Ergenekon operasyonu olmasaydı Recep Tayyip Erdoğan bugün hayatta olmayabilirdi.
-Peki mesela başbakana bunu sorduk. Ne der?
-Bilemiyorum. Ergenekon'a karşı en ciddi siyasi mücadeleyi yürüten bir siyasi kadro bunlar. Bu siyasi kadronun işte Ergenekoncular da var içlerinde diye damgalanması tabii hiç hoşuna gitmez. Ama şunu görüyoruz ki Ak Parti'de de bakan düzeyinde de bir kafa karışıklığı var. Ergenekon operasyonundan dolayı rahatsız olan bir kesim var. Burada hâkim Kadir Kaya'nın Seferberlik Tetkik Kurulunda yaptığı incelemelerde kırmızı, sarı, beyaz listelere ulaşıldığı, bu listelerde de şu anda siyasette ve sivil toplumda çok önemli mevkilerde olan bazı isimlerin yer aldığı şeklinde Ankara'da ciddi mekânlarda konuşmalar yapılıyor. Eğer bugün Recep Tayyip Erdoğan Ergenekon'a karşı bu kararlı mücadeleyi vermeseydi bugün kendisinin hayatı konusunda ciddi endişelerimiz olması gerekirdi. Bazı yerlerde Özel Kuvvetler'den insanların eğittiği, cunta elemanlarının hedef tahtasına başbakanın resmini koyarak atış yaptıklarını biliyoruz. O nedenle diyorum ki, Ergenekon operasyonu olmasaydı Recep Tayyip Erdoğan bugün hayatta olmayabilirdi.
-Şu bir numara işini çözebildiniz mi?
-Bir numaranın Türkiye ile ilgili uzun vadeli hesapları olan bir ülkenin( O ülke ABD değil) istihbarat servisinin yöneticisi olduğunu biliyoruz. Bendeki bilgiler o yönde. Onun bu Ergenekon operasyonu başladıktan sonra Türkiye'den ayrıldığı, bunun yerine Türkiye'de bu görevi çok ünlü bir işadamının yürüttüğü söyleniyor.
-Bedrettin Dalan mı?
-Hayır. O değil. O Bedrettin Dalan değil. (NA not: Bir isim veriyor ama bunu belgesiz yazamayacağımızı konuşuyoruz.)
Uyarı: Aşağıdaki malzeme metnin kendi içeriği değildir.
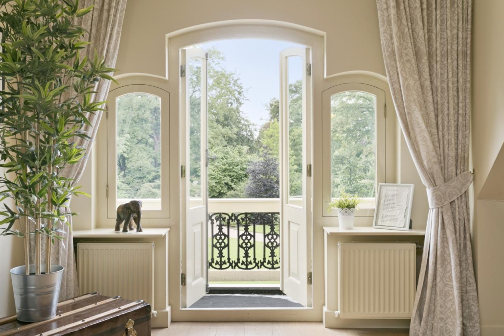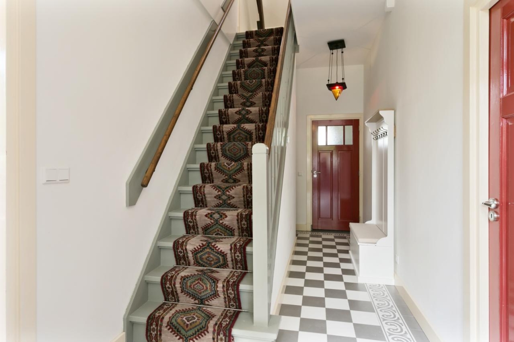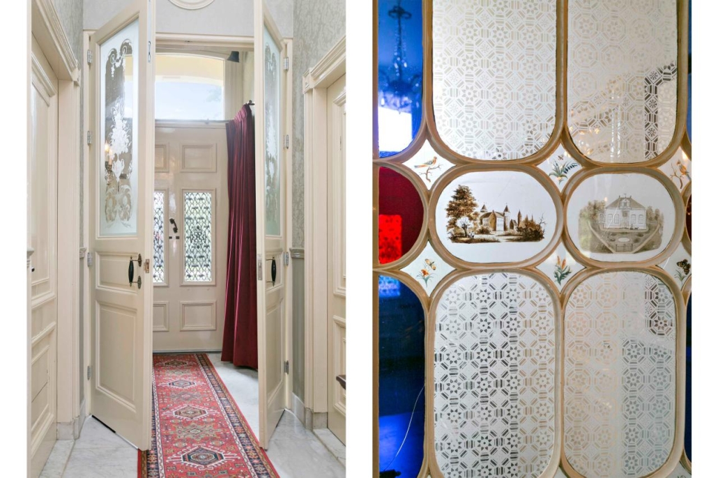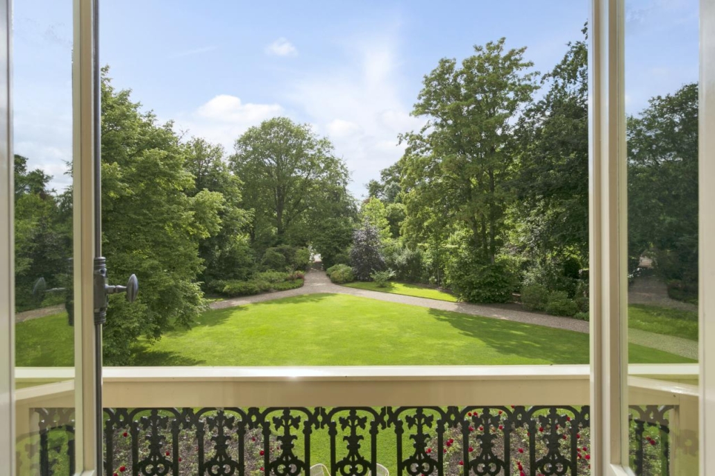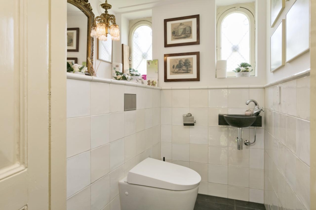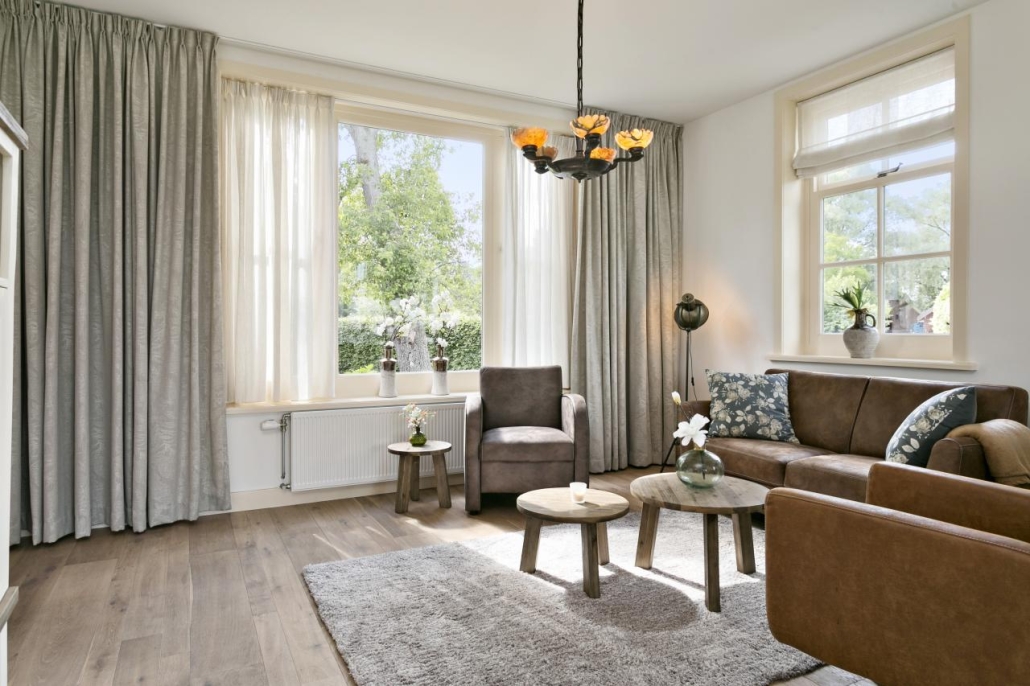 Vanuit de entree met authentiek tochtportaal biedt de lange centrale gang toegang tot alle leefruimtes op de begane grond: woonkamer, keuken, toilet, werkkamer, bibliotheek en eetkamer. Bij binnenkomst van de woonkamer zult u versteld staan van de klasse die deze uitstraalt. Details zoals de plafondornamenten, de haard en de stijlvolle schouw geven deze leefruimte enorm veel karakter. Bovendien heeft u vanuit de woonkamer een fenomenaal uitzicht op de tuin rondom het pand. De woonkeuken is goed onderhouden, biedt tevens een fraai uitzicht op de zij- en achtertuin en is belegd met een stijlvolle, natuurstenen vloer. Daarbij is de keuken voorzien van de benodigde keukenapparatuur: koelkast, vrieskast, vaatwasser, combimagnetron, fornuis en gasoven.

-Ergenekon bütün pisliklerine rağmen gazeteciler için bir gelir ve kariyer mevzuu oldu.
-Ergenekon'un ekmeğini yiyoruz! Ergenekon aslında bizim yüzümüze tutulan bir aynaydı. Ben Sivaslıyım. Bizim Sivas'ta Alevi-Sünni olayı çok şiddetli yaşandı biliyorsunuz. Şunu gördüm, geçmişte Ergenekon'un mağduru olan insanlar Ergenekon'la ilgili ya da Gladio'nun mağduru olan insanlar, kesimler bu sorgulama süreci başlayınca bir kafa karışıklığı içerisine girdiler. Hatta suikast listelerinde Alevi önderler bile çıkmasına rağmen bir kısmı kendi cellâdına âşık olur gibi Ergenekon'un arkasında durdular. Bu bana çok tuhaf geldi. Yani ben biraz da bu işi incelemeye oradan başladım. Geçmişte Ergenekon türü yapılanmaların doğrudan mağduru olmuş siyasiler ihtilallere maruz kalmışlar. Ama sonra Ergenekon'la ilgili konu ciddi bir yüzleşmeye gelince tam ters cephede yer aldılar. Ben bu çelişkiyi çözemedim. Biraz dedim araştırayım. Bu vatanseverleri mercek altına almam da belki tam bağlantılı değil ama sizinle paylaşmak istedim. Mesela Mersin'de karışıklıklar oluyor. Mersin'de niye karışıklıklar oluyor diye baktığımda Mersin'de daha sonra ortaya çıktı, silah üzerinde yeminlerin ettirildiği bir hücre yapılanması başlamış. Yani tesadüfî olmamış. Sonra baktım Diyarbakır'da karışıklıklar var. Tesadüfî olmamış. Ve Mersin'de ve Diyarbakır'da o da sorulmadı, bayrak yürüyüşleri yapıldı. Burada diyorlar ki, bu bayrak yürüyüşlerine 4 bin asker gelecek. Sivil giyinecekler ve bu yürüyüşte yer alacaklar. Hiç kimse dönüp oradaki kolordu komutanına, ordu komutanına, oradaki birliklere böyle bir hadise oldu mu, askerler sivil giyinip oradaki yürüyüşe katıldılar mı diye sormadılar. Bir başka şey, bunlar ticari olarak vatanseverler marketler zinciri kurmayı planlıyorlar. Ve buradan Kürtlere satış yapmayacağız, diye karar alıyorlar. Yani bu kadar tehlikeli bölücülük bu.
-Kitapta Özden Örnek ve Balbay günlüklerinden bir bölümü de almışsınız. Neden?
-Yaklaşık üçte birini aldık. O dönemlerde normal şeyler yaşanmadı. O dönemler biz bu çetelerle uğraşırken asıl karargâhta da bunlar pişiriliyormuş. Orayı da görün diye aldım. Balyoz operasyonuyla birinci ordudaki yapılanma, darbe hazırlığı ortaya çıkarıldı ama şimdi Vatanseverler, Atabeyler, Saunaların ve daha bilmediklerimiz burayla, birinci ordu ile bağlantılı değil, daha çok Ankara ile bağlantılı. Ankara'da karargâhla bağlantılı kimler çalıştı, hangi yapılanmalar bu daha ortaya çıkmadı.